Data excerpts
[Start of section]

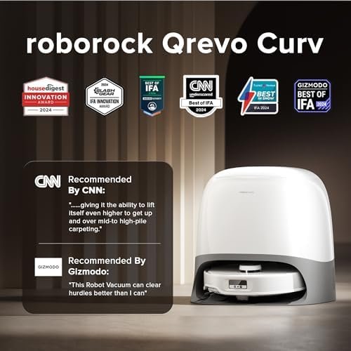 roborock Qrevo Curv Robot Vacuum and Mop, 18,500Pa Suction, Zero-Tangling, DuoDivide Main Brush, FlexiArm Arc Side Brush, FlexiArm Mop, AdaptiLift Chassis, Auto Mop Washing & Drying, Self-Emptying
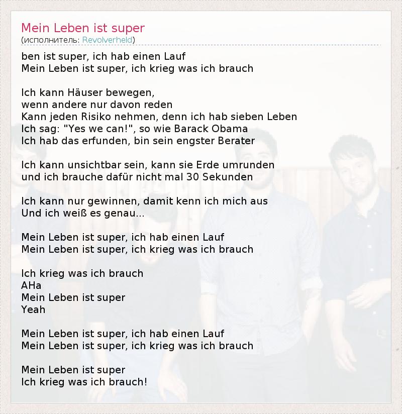 А как ты думаешь, о чем песня "Mein Leben ist super" ?
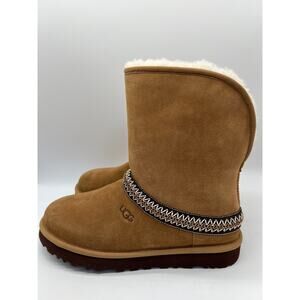 Ugg Women's Classic Short Crescent Braid Chestnut Suede Boots 1161770 Size 10
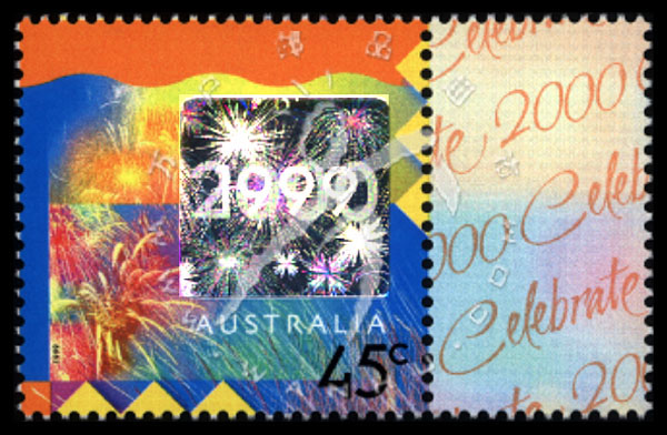 澳大利亚迎接2000年,烟花等激光镭射全息图(图中1999与2000字样在不同角度下交替出现)邮票1全
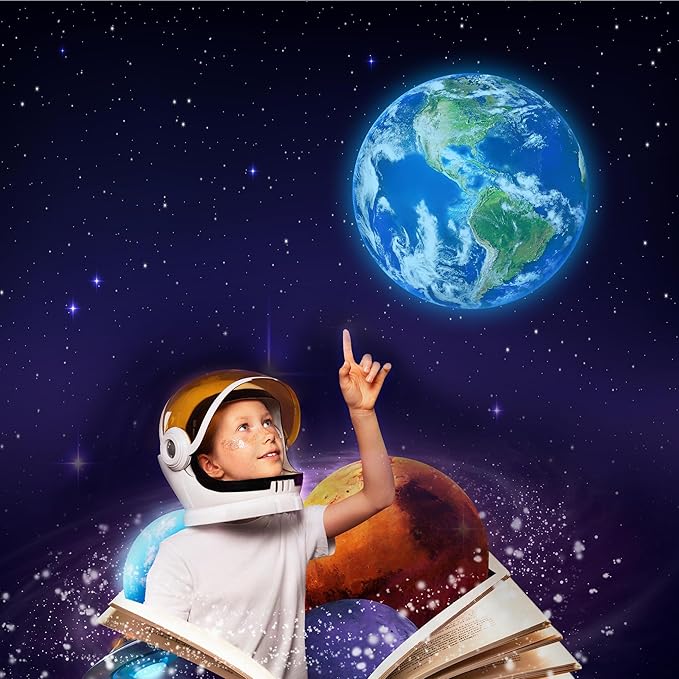 - Robmoda Glow in The Dark Planet - One piece of earth sticker made up of non-toxic, eco-friendly, waterproof, pressure resistant, shock resistant& durable fluorescent PVC. It comes in 23.5 cm (9.25”).

[End of section]

**Exercise directions**
Would you set down every line of the data above exactly, skipping the pictures?

**Expected answer**
 roborock Qrevo Curv Robot Vacuum and Mop, 18,500Pa Suction, Zero-Tangling, DuoDivide Main Brush, FlexiArm Arc Side Brush, FlexiArm Mop, AdaptiLift Chassis, Auto Mop Washing & Drying, Self-Emptying
 А как ты думаешь, о чем песня "Mein Leben ist super" ?
 Ugg Women's Classic Short Crescent Braid Chestnut Suede Boots 1161770 Size 10
 澳大利亚迎接2000年,烟花等激光镭射全息图(图中1999与2000字样在不同角度下交替出现)邮票1全
 - Robmoda Glow in The Dark Planet - One piece of earth sticker made up of non-toxic, eco-friendly, waterproof, pressure resistant, shock resistant& durable fluorescent PVC. It comes in 23.5 cm (9.25”).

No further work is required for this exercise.